©️La Présidence
Port-au-Prince, le 23 décembre 2025.- À moins de deux mois de la fin du mandat du Conseil présidentiel de transition, un décret publié dans Le Moniteur sur l’organisation et le fonctionnement de la Haute Cour de justice suscite de vives inquiétudes. Présenté comme un outil de renforcement de l’État de droit, le texte concentre en réalité les poursuites contre les grands commis de l’État dans une juridiction exceptionnelle, tout en imposant de lourds filtres politiques aux mécanismes de lutte contre la corruption, renforçant de facto leur immunité.
Publié dans le numéro spécial 68 du Journal officiel de la République d’Haïti en date du 17 décembre 2025, le décret portant organisation et fonctionnement de la Haute Cour de justice redéfinit en profondeur le régime de poursuite des hauts responsables publics. En s’appuyant sur l’article 186 de la Constitution, le texte établit que les crimes et délits commis par les grands commis de l’État dans l’exercice de leurs fonctions relèvent exclusivement de la Haute Cour de justice, écartant ainsi toute compétence des tribunaux ordinaires.

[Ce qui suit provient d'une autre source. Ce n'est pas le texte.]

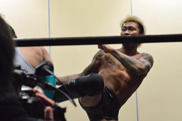 石井ジャンピングニー、ロープに飛ぶ、坂口カウンターのドロップキック、KUDOにタッチ。KUDO延髄蹴り(右写真)、
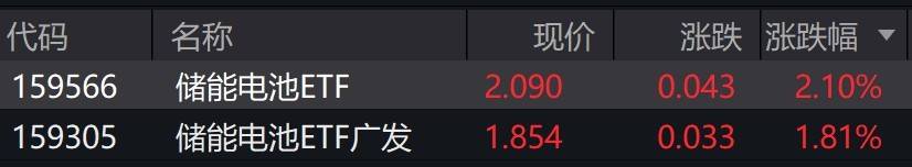 受盘面影响,储能电池ETF涨约2%。
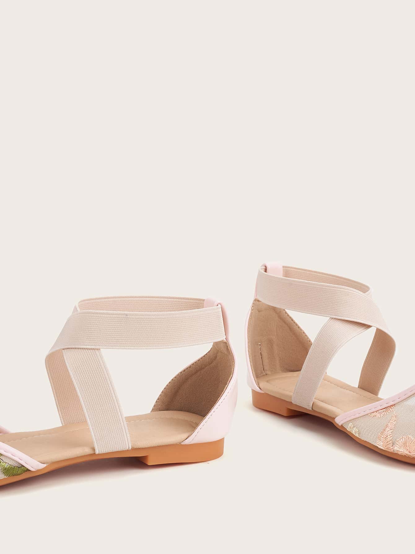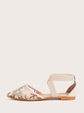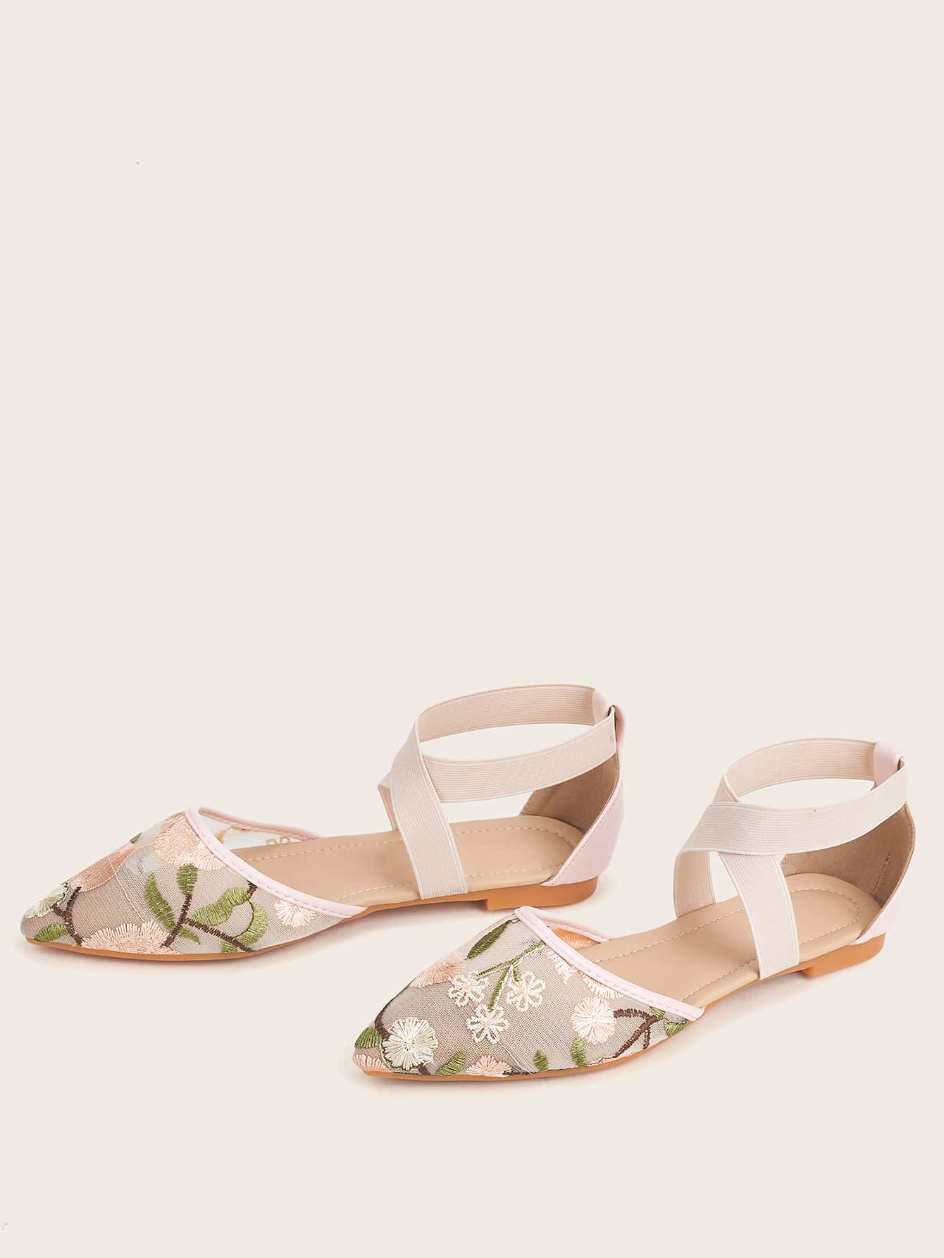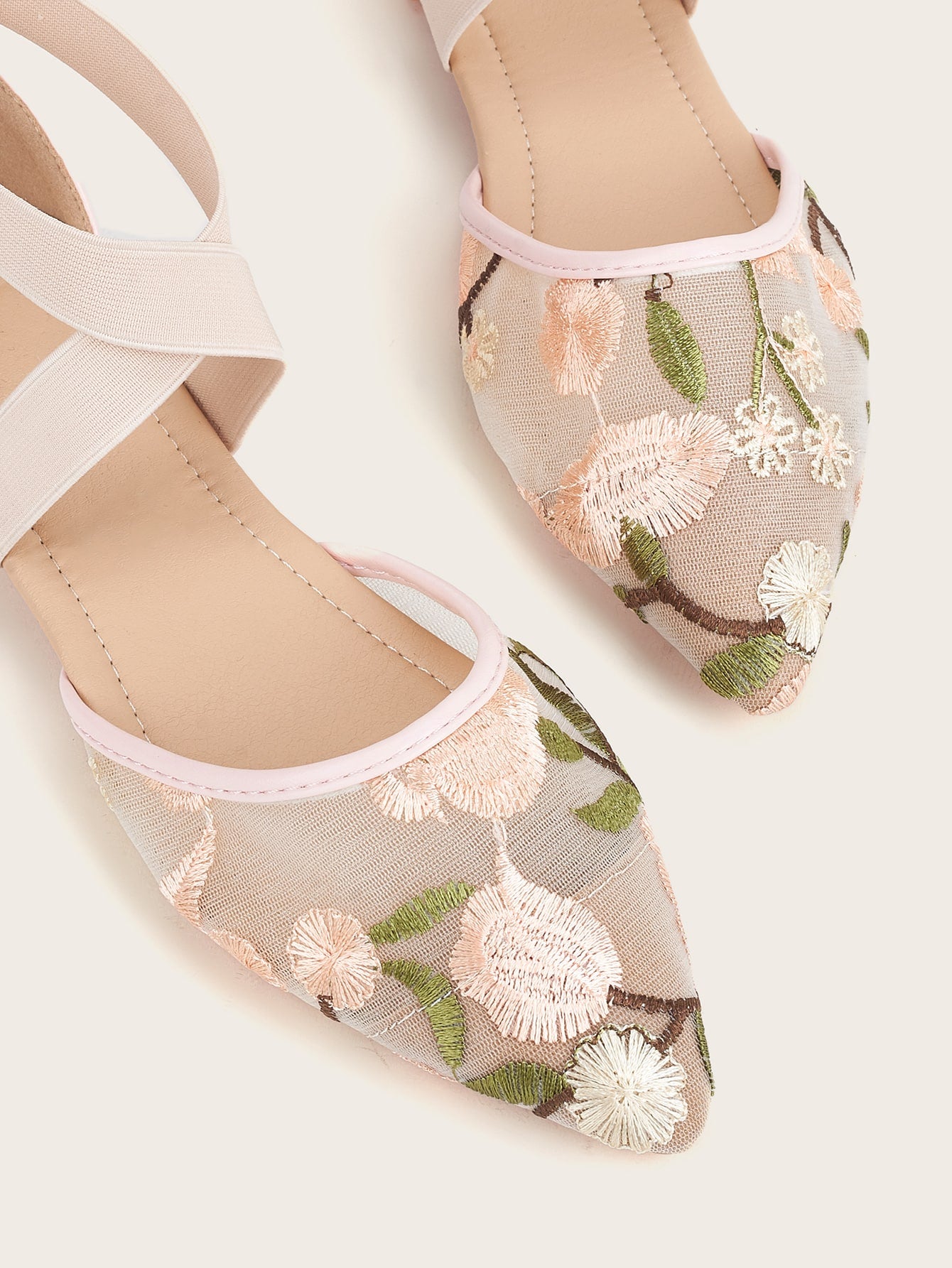 Chic Floral Embroidery Pointed-Toe Ankle Strap Flats for Effortless Elegance

L’article 4 du décret constitue le cœur de la controverse. Il consacre une compétence quasi exclusive de la Haute Cour pour juger les hauts fonctionnaires, y compris après la fin de leur mandat, pour des faits commis durant l’exercice de leurs fonctions. Cette disposition est perçue par de nombreux observateurs comme une immunité juridictionnelle renforcée, dans un contexte où la Haute Cour demeure, en pratique, inopérante faute de Parlement fonctionnel.

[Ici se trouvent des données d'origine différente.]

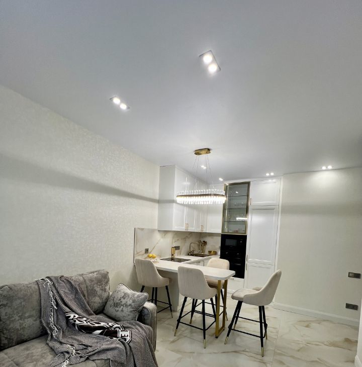 В квартире предусмотрены разные варианты освещения, которые могут подойти под любое настроение.

L’article 11 accentue davantage cette protection. Il subordonne l’exploitation judiciaire des rapports des institutions de lutte contre la corruption et du renseignement financier à une double validation politique : d’abord par les conseils d’administration de ces institutions, puis par une délibération en Conseil des ministres. Ce verrou institutionnel place l’exécutif au cœur du processus de mise en accusation, réduisant l’autonomie des organes anticorruption et affaiblissant leur capacité d’action.

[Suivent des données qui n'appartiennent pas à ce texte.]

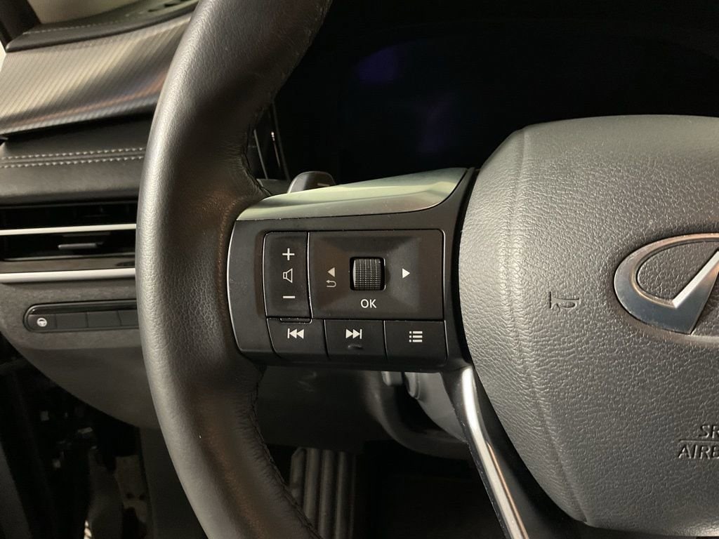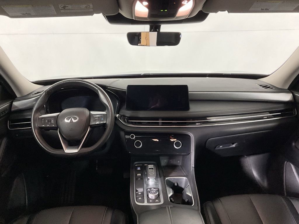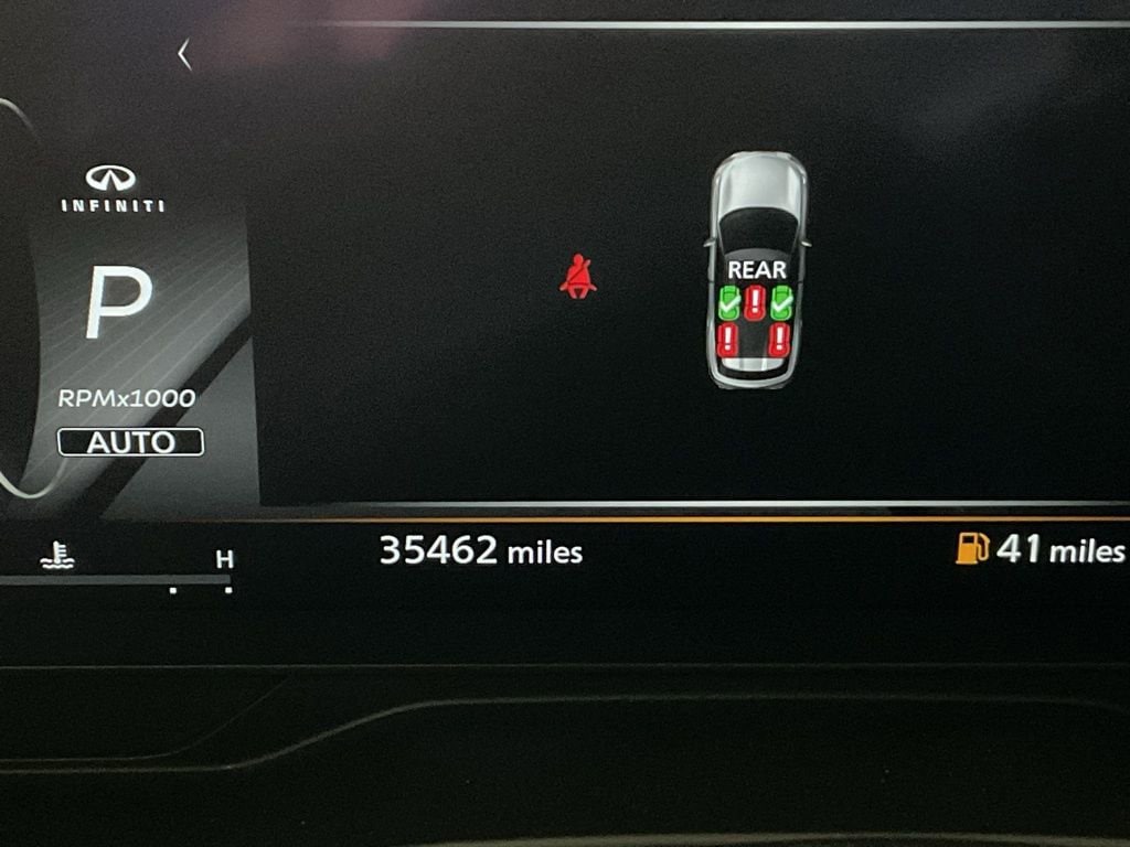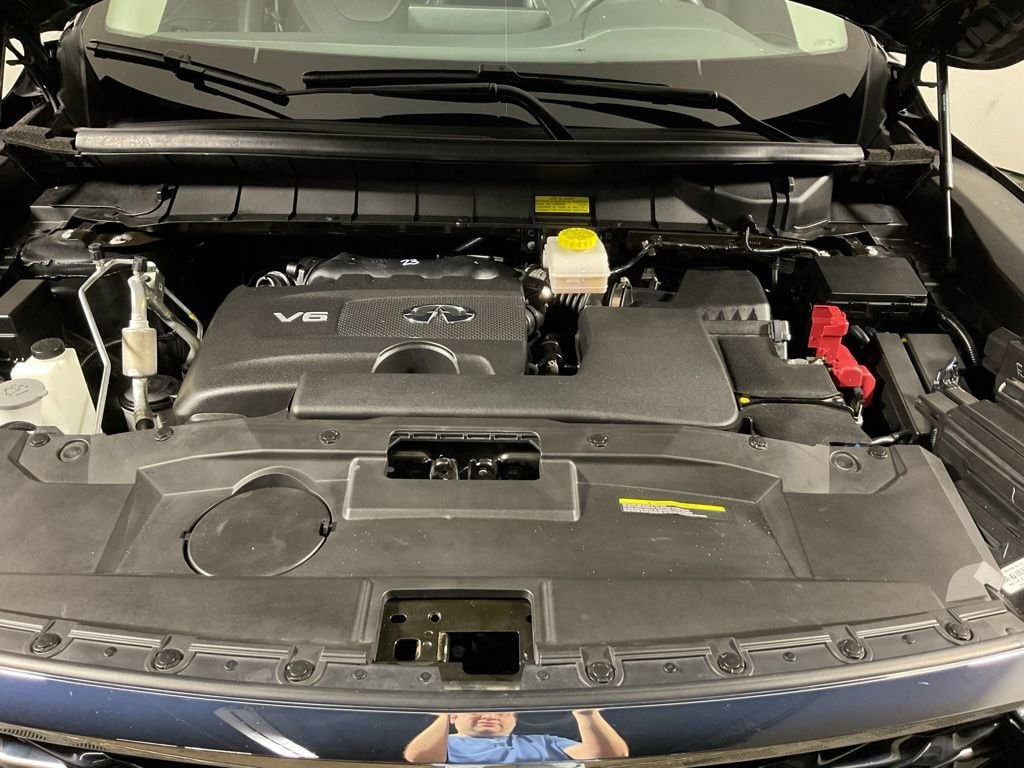 Clean CARFAX!, CARFAX One-Owner!, 3rd row seats: bench, Apple CarPlay/Android Auto, Auto High-beam Headlights, Auto-dimming Rear-View mirror, Automatic temperature control, Four wheel independent suspension, Heated front seats, Heated steering wheel, Leather steering wheel, Memory seat, Navigation system: INFINITI InTouch Navigation, Panoramic Power Moonroof, Power driver seat, Power Liftgate, Power passenger seat, Power windows, Radio: AM/FM Audio System, Reclining 3rd row seat, Security System, Spoiler, Steering wheel mounted audio controls, Turn signal indicator mirrors, Ventilated front seats, Wheels: 20" x 8J Sporty Machined Aluminum Alloy.
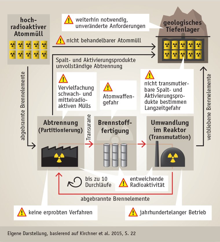 - Selbst wenn das Konzept technisch umsetzbar wäre, bräuchte es weiterhin eine langfristige Lagerung des Atommülls. Die besonders gefährlichen langlebigen Spalt- und Aktivierungsprodukte sowie bestimmte Abfallarten lassen sich mit den aktuell diskutierten Konzepten grundsätzlich nicht behandeln. Im Gegenteil: Die Menge an Spaltprodukten würde durch eine Umwandlung noch zunehmen.
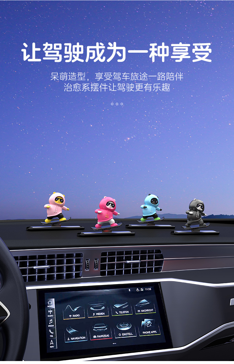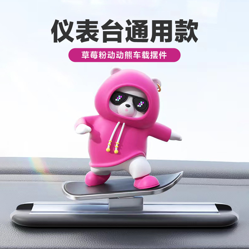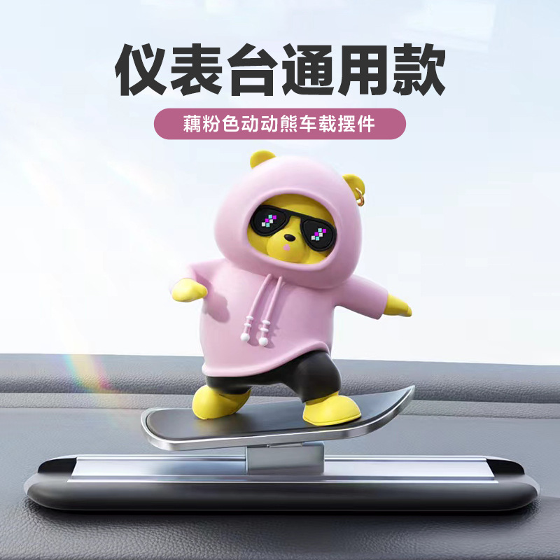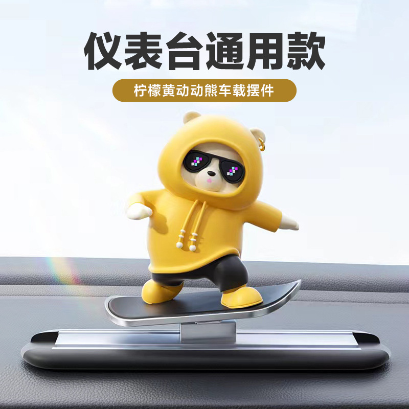 자동차 만화 곰 인형, 공중에 떠 있는 스크린 센터 콘솔, 움직이는 곰 스케이트보드 자동차 장식품, 창의적인 자동차 장식스토어 가기

Officiellement, le décret vise à combler un vide juridique et à mettre fin à un cycle d’impunité. Toutefois, dans un contexte marqué par l’inexistence du pouvoir législatif et par l’échéance du 7 février 2026, date de fin du mandat des conseillers-présidents, le texte est interprété comme une tentative de sécurisation juridique anticipée pour les actuels détenteurs du pouvoir, plusieurs d’entre eux étant régulièrement cités dans des rapports sensibles.
En consacrant la primauté d’une juridiction exceptionnelle difficilement mobilisable et en politisant l’accès aux poursuites, le décret soulève de sérieuses interrogations sur l’équilibre des pouvoirs et la redevabilité publique. Loin de renforcer la lutte contre la corruption, il pourrait institutionnaliser une immunité de fait, fragilisant davantage la confiance des citoyens dans la justice et l’État de droit.
W. A.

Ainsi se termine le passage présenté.